Only two of its in-cabin concepts lie unused for Acumen. Both involved re-thinking the form and layout of economy-class seats by the company which designed the world's first flat bed for British Airways 20 years ago. But a new generation of outsiders working with new materials and technologies to make economy class, if not luxurious, at least more bearable is not being stopped by that.
AirGo's Yaghoubi noticed the seats hadn't been replaced since the plane was bought 40 years ago while he flew back to his native Iran on its national airline and vowed to do something about airline seats. "Actually, they were quite a lot more comfortable" than today's seats, he said.
By letting the seat slide upwards, like an inverted cinema seat, UK-based Rebel.Aero promises to speed up boarding and integrate a child seat, and this is another example. Passengers can thereafter move in and out and stretch their legs following this innovation. Founder Gareth Burks says he has delivered sample seats to some aircraft manufacturers and he's halfway through getting certification.

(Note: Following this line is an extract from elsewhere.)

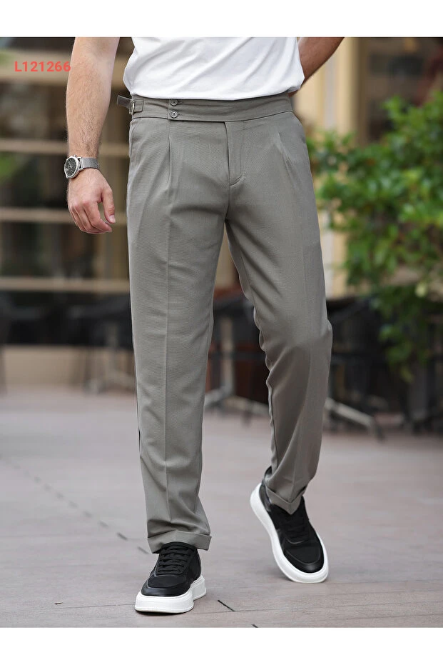 ارتق بأناقتك مع بنطال BASEL.CO Old Money Pileli Likralı Kumaş، المصنوع من قماش مرن يضمن الراحة والحركة السلسة. التصميم الكلاسيكي مع التفاصيل المعاصرة يمنحك مظهرًا أنيقًا وجذابًا في كل مناسبة، سواء كنت في العمل أو في موعد مع الأصدقاء.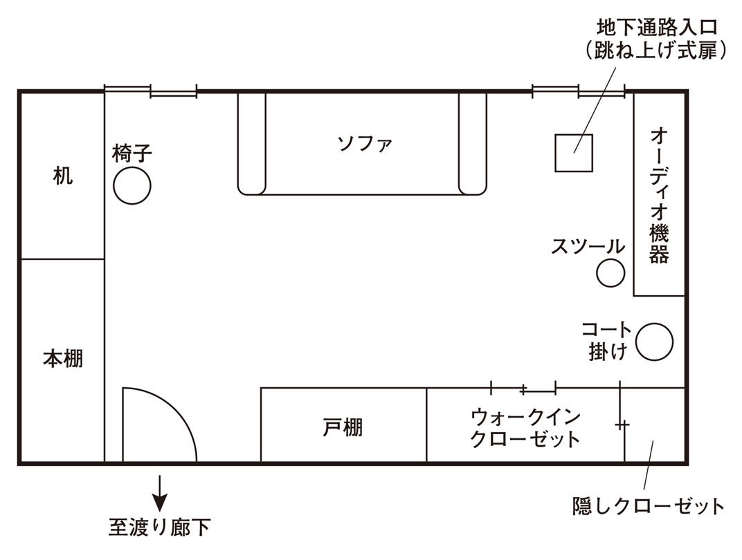 田所和三谷目睹広臣将散弹枪放回仓库。下午,大型台风登陆,引发曲川决堤风险,交通瘫痪。健治朗宣布众人留宿,坂口主动请缨入住离馆。坂口私下向两人出示了一张偷拍照,照片中一名身形酷似家族男子的背影正在操作安瓿瓶。周日凌晨 1:06,洪灾警报响起。黒田失联,坂口迟迟未现身,田所、三谷、田所的冷血亲哥哥——主治医生丹葉梓月顶着风雨前往离馆。到达门外,梓月发现玄关门未锁,锁舌被白色养生胶带贴住。室内漆黑,众人被横在门边的蓝色圆凳绊倒。借着手电筒光芒,一具无头男尸出现在椅子上,头部被散弹枪轰碎,看似脱鞋用脚趾扣动扳机自杀。健治朗指出手账中遗书的位置不合理,主张案件是他杀。真正的坂口却毫发无损地出现,称案发前已私下与葛城正交换房间。众人惊恐地认出死者衣着属于正,梓月利用尸体未僵硬的拇指指纹,解锁了现场那部湖蓝色手机壳的手机,证实死者正是葛城正。家族赶来勘查,広臣从壁橱拿出备用灯泡,让身高约 185 厘米的田所踩在 60 厘米高的旧蓝圆凳上更换天花板照明。田所不慎打碎灯泡,広臣发现原本的灯泡并未损坏,只是被拧松了。凶器上安装了広臣私藏的消音器,尸体前方地毯的放射状血迹存在一处不自然的空白断层,田所触摸发现,该处并无血液凝固的触感,反而附着着某种异样液体。管家曾目击田所和三谷傍晚返回,而且田所知晓猎枪位置,但梓月指出田所不知晓消音器,替他排除了嫌疑。健治朗指控坂口为了摆脱嫌疑,导演了落石与袭击,刻意换房。坂口百口莫辩,索性驱车离去。他在临行前向田所透露,照片里站在药柜前的人并非健治朗,而是惣太郎的“孙子”。坂口坐进红色轿车,发动引擎,车灯亮起,车身却纹丝不动。雨夜中手机铃声骤响,田所心生警兆,大喊一声“趴下”,猛扑向三谷和広臣,将两人死死按在身下。话音未落,汽车轰然炸裂,化作一团火球。田所在残骸远处的泥泞中,捡到一截断指和一块微小的手机镜头玻璃。

Where fibers are braided like hair, creating a hollow structure that halves their weight, AirGo is counting on airlines liking that its seats are made of carbon fiber composites.
Experimentation is being done by others with other materials. The first customer for its titanium seats that would free up the equivalent weight of up to four passengers, would be Air Tahiti, announced France-based Expliseat.
And the food trolley has been made almost a third lighter by UK-based FlightWeight who have redesigned the food trolley with mostly flax seed waste, volcanic rock, sugar and water.